Almost all provinces have since reported new COVID-19 cases where there once were none; most trace back to the repatriation program.

The Duterte government, with its allergy to accountability systems, naturally blames the victims of its failures.

Victim-blaming tries to hide the incompetence of planners who spent big money for quarantine infrastructure but refused to shell out the needed funds for health personnel.

The Health department initially called for “volunteers” at a time when the country became Asia’s biggest casualty rates for front-liners due to delayed delivery of protective gear.

Then authorities rolled out a program for temporary hires, although pre-COVID blueprints had permanent hiring benchmarks to bring down a critical gap in ratio of health workers to population.

The government refused to test people unless they had clear symptoms, a policy that included health workers with known exposure to COVID-19.

Family members of people who died from COVID-19 did not get tested until they, too, fell ill. Critics repeatedly called for mass testing of vulnerable sectors, including poor communities with COVID-19 cases but the government refused to listen.

A full month into the easement period, the Health department is just preparing testing policies for the labor force. Who pays remains anybody’s guess.

The only thing clear is, if you get sick, you become the enemy.

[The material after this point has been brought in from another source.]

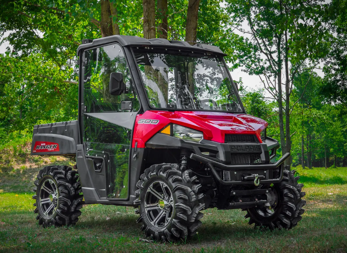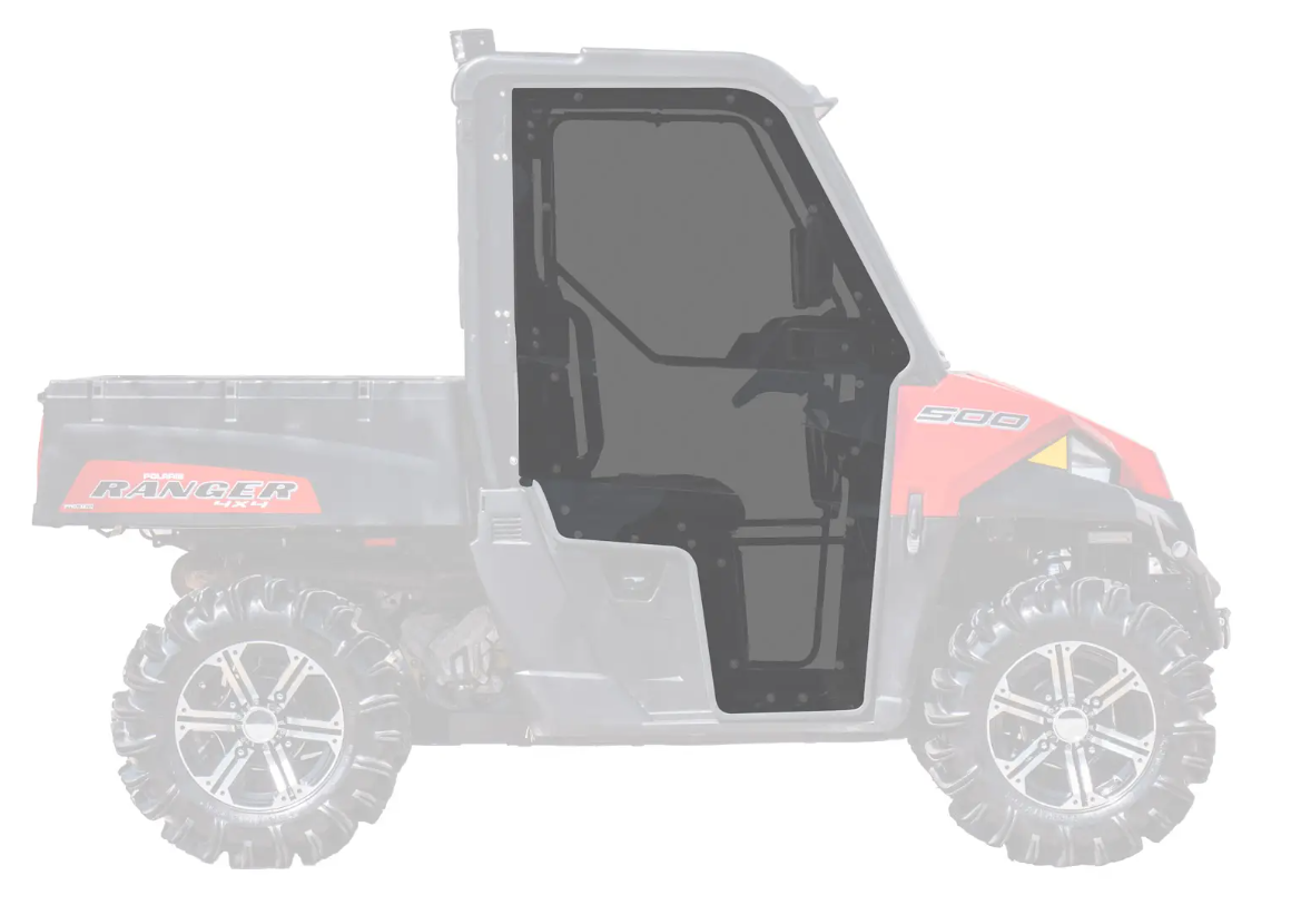 Enhance your Polaris Ranger Midsize with SuperATV’s Full Doors to elevate every ride's comfort and protection. These doors are crafted from your choice of scratch-resistant or non-scratch-resistant lightly tinted 1/4” hard-coated, abrasion-resistant polycarbonate. This material ensures durability against the toughest trails without easily scratching. Each door is reinforced with a heavy-duty carbon steel frame for rigidity and strength, complemented by a wrinkle black UV-resistant powder coat finish for added durability and style. Featuring a rubber seal, these doors guarantee a rattle-free ride. Complete your cab with front and rear windshields and a roof secured by a lockable door latch.

Duterte’s office says critics are fear-mongering. But Filipinos have learned there is no ceiling for this government’s capacity for mayhem.

Four years ago, Duterte ordered police to go house-to-house to ferret out drug users and pushers.

“Tokhang,” conjured scenes of neighborly intervention — polite knocks inviting people to start a new life.

Residents of Barangay San Jose, Kasiglahan Village in Rodriguez, Rizal, wait for the distribution of government aid during the height of the lockdown in May. (Photo by Jire Carreon)

Emily Soriano, a village security volunteer in an urban poor community in Quezon City, believed Duterte’s promises of rehabilitation and livelihood assistance. She led police to the homes of users. Her hopes for peace soon turned into a nightmare.

Police forced confessions and then tracked down and killed close to 6,000 in sanctioned operations, with a corps of vigilantes killing triple that number. Those who claimed to have no links to illegal drugs were asked to list neighbors — or else.

The truth of “tokhang” ripped through the Soriano home on Dec. 28, 2016, when authorities killed 15-year old Angelito and seven of his friends. They were “collateral damage” in a chase for a “suspect” who later emerged as a police informer.

For families scarred by death via “tokhang,” the new community COVID-19 round-up resurrects all the horrors of the original purge.

The target communities are largely poor, with crowded homes crushed against each other — the very same villages that chalked up the biggest numbers of “tokhang” killings.

Duterte blamed the poor for the drug scourge and fulfilled his vow to make them pay. He attacked experts who called addiction a health problem, or critics who pointed out that many of the police doing the killings were also suspected to be in bed with drug gangs.

It’s the same recipe all over again.

Disobedient, stubborn, recalcitrant — the government uses a lot of adjectives for people falling between the cracks of its US$4 billion health emergency program.

The hunt for the sick is led by a police officer who flouted health guidelines at a birthday party: lawmen stuffed masks into pockets as they chugged banned alcohol and crowded around an equally banned buffet.

In Duterte’s world, there are no innocents.

Inday Espina-Varona is an award-winning journalist in the Philippines. She is a recipient of the “Prize for Independence” of the Reporters Without Borders in 2018. The views expressed in this article are the opinions of the author and do not necessarily reflect the editorial stance of LiCAS.news.